Headless Chromium vs. Requests
One thing that took me far too long to understand is that JavaScript doesn’t run when you use a curl
request for example. It returns the HTML code to load the JavaScript, but it doesn’t run anything. As a result, lots of modern websites do not provide the necessary page contents without a browser (except for pages like Hacker News and craigslist.)
This is where “Headless Chromium” comes in. The idea is that you can package Google Chrome (or other browsers) into your application and with code, you can automate what the browser does and read any element of the page. As a result, the JavaScript code can run and do everything it needs to finish loading the page.
Tip
One of Cloudflare’s goals is to block bots. This can be a challenge for websites that use Cloudflare, but in the next section, there are tools to bypass it.
Note
Once or twice, I’ve been able to workaround web scraping countermeasures by simply changing the
User-Agent
header. This is not enough to beat Cloudflare.
The Best Tools
Here are the best tools I’ve come across for web scraping. The most complete list can be found in this GitHub list.
Chromium
Before reaching for a Chromium browser, make sure that it’s required. Sometimes, the data I’m looking for is available in the plain text response. The easiest way to check is by turning off JavaScript for the site and using the Developer Tools to Cmd+F and search for the data in the HTML code.
- Playwright: Great for E2E tests, but also great for web crawling! Waiting for elements to appear on-screen, scrolling, etc. It’s the gold standard for Headless Chromium.
- Puppeteer: An alternative to Playwright. This one is my preference because of…
- puppeteer-extra: Provides a bunch of plugins for Puppeteer. Some of which bypass reCaptcha/hCaptcha and Cloudflare. Pretty nifty.

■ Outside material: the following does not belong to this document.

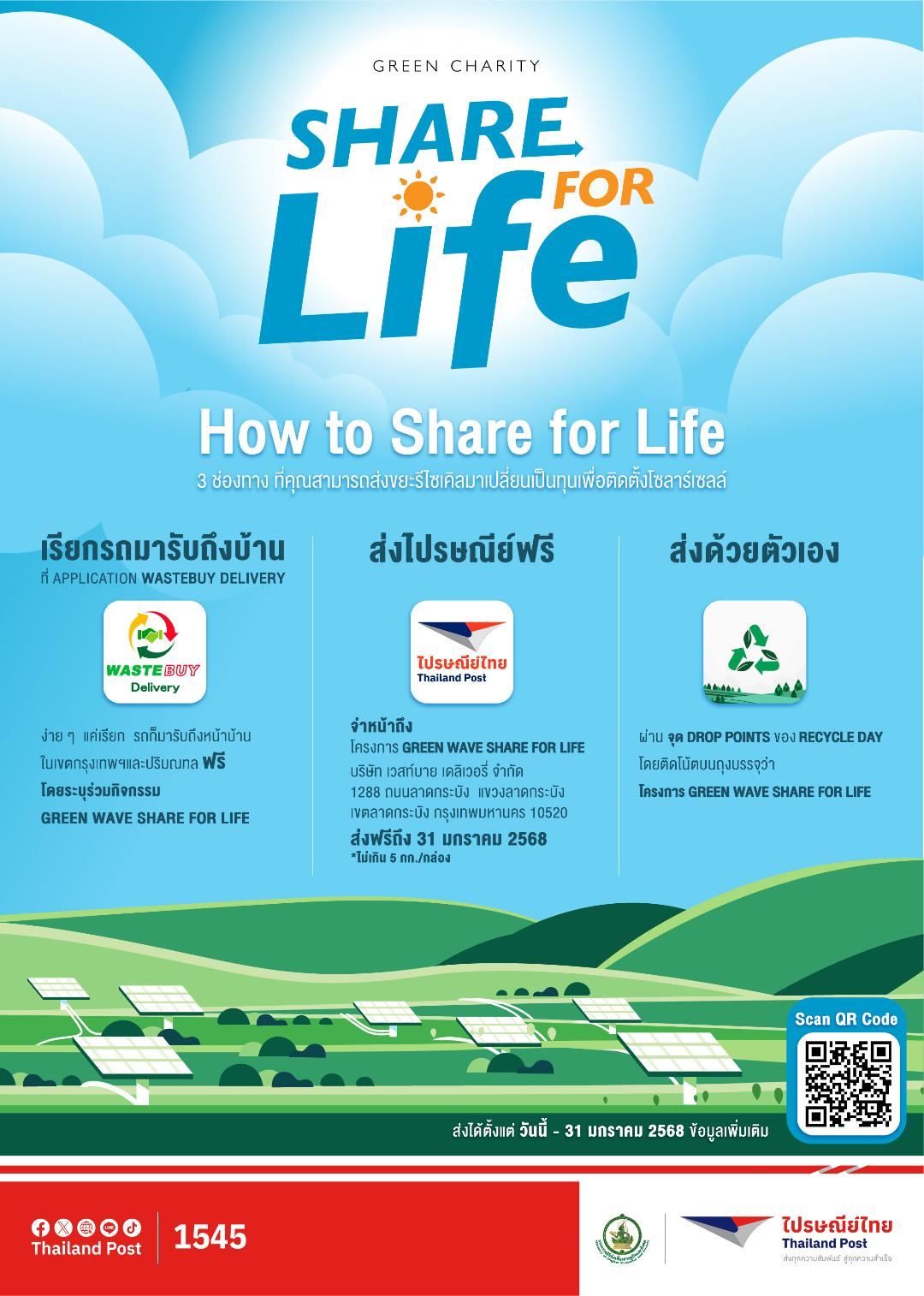 กรุงเทพฯ 16 มกราคม 2568 – บริษัท ไปรษณีย์ไทย จำกัด ร่วมกับ คลื่นกรีนเวฟ พร้อมพันธมิตร ได้แก่ กระทรวงสาธารณสุข ชมรมแพทย์ชนบท Less Plastic Thailand , Recycle Day และ Wastebuy Delivery เปิดรับขยะประเภทกระดาษ แก้ว เหล็ก อะลูมิเนียม ทองแดง ทองเหลือง และพลาสติก เข้าสู่กระบวนการรีไซเคิลในโครงการ Green Charity Share for life เพื่อเปลี่ยนกลุ่มขยะดังกล่าวเป็นทุนในการติดตั้งแผงโซลาร์เซลล์ให้กับโรงพยาบาลบ่อเกลือ จ.น่าน โดยบรรจุใส่กล่องพัสดุที่มีน้ำหนักไม่เกิน 5 กิโลกรัม จ่าหน้ากล่องถึง โครงการ Green Wave Share for life ส่งได้ ณ ไปรษณีย์ทั่วประเทศโดยไม่มีค่าใช้จ่าย

- Kimurai: Provides a really nice way to crawl pages with Headless Chromium. You can build classes to handle each type of page that is linked.

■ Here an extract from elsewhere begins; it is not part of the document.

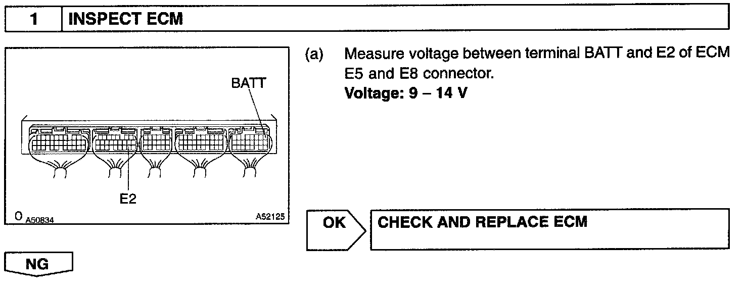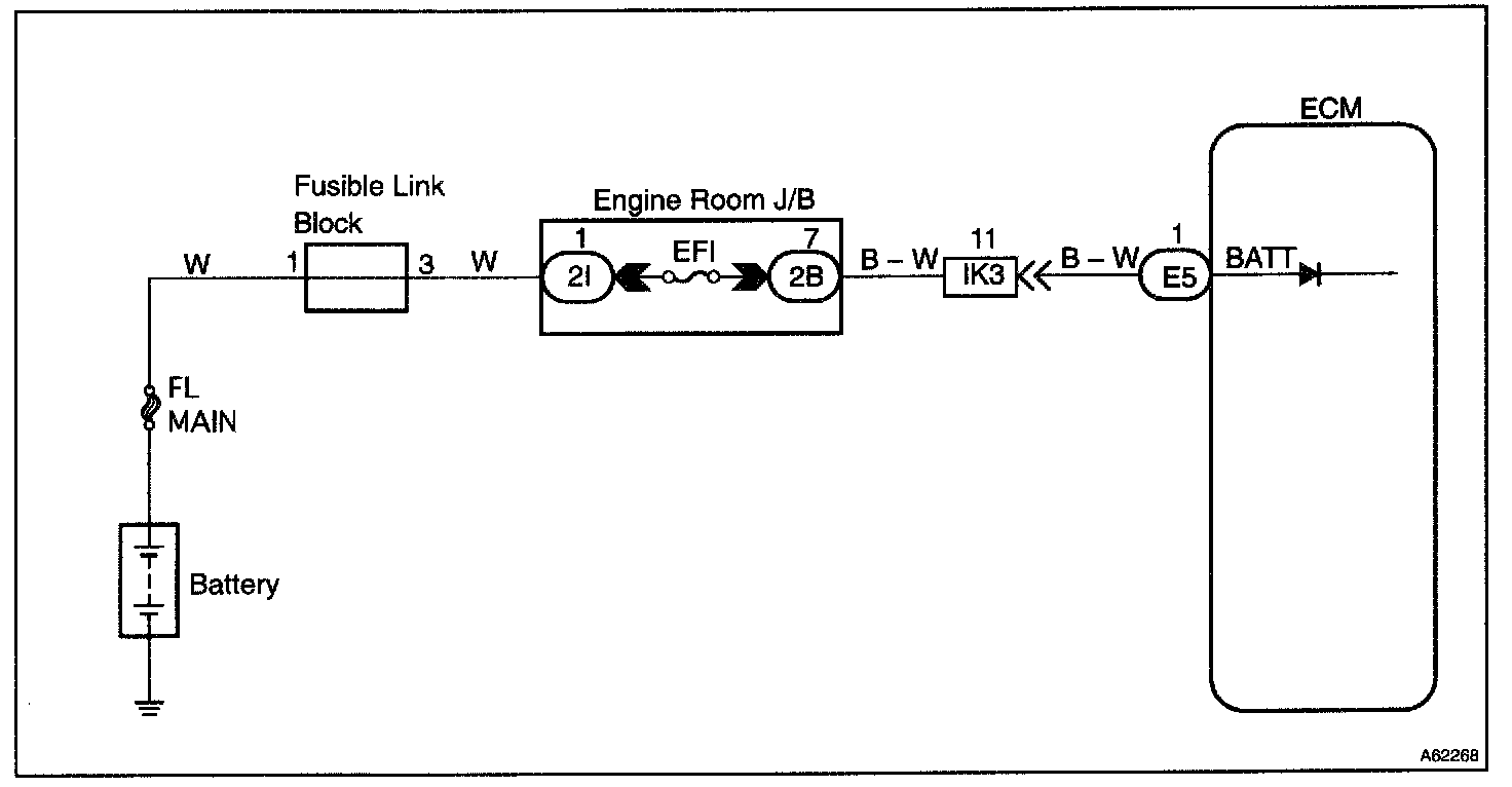 CIRCUIT DESCRIPTIONBattery positive voltage is supplied to terminal BATT of the engine ECU even when the ignition switch is OFF for use by the diagnostic trouble code memory, air/fuel ratio adaptive control value memory, etc.

- requests-html: I haven’t used this, but it’s for python and is very popular.
Note
Reusing cookies can also be a useful strategy to sign-in to websites without having to login. I recommend using the Get cookies.txt LOCALLY plugin to export your browser cookies.
Plain Text
Plain text web scraping is becoming less useful, but it has its place. Websites like craigslist for example are still viable candidates for these non-JavaScript scrapers. They do have the added benefit of being lighter dependencies than a full Chromium browser.
- beautifulsoup4: Python library for parsing HTML.
- requests: Built-in python library that provides a clean interface for
curl
essentially. - fetch: Built-in for Node.js v18.17+. The equivalent of requests for JavaScript.
- Your favorite language probably has one. They typically come in a few flavors. Look for ones that support XPath or CSS selectors.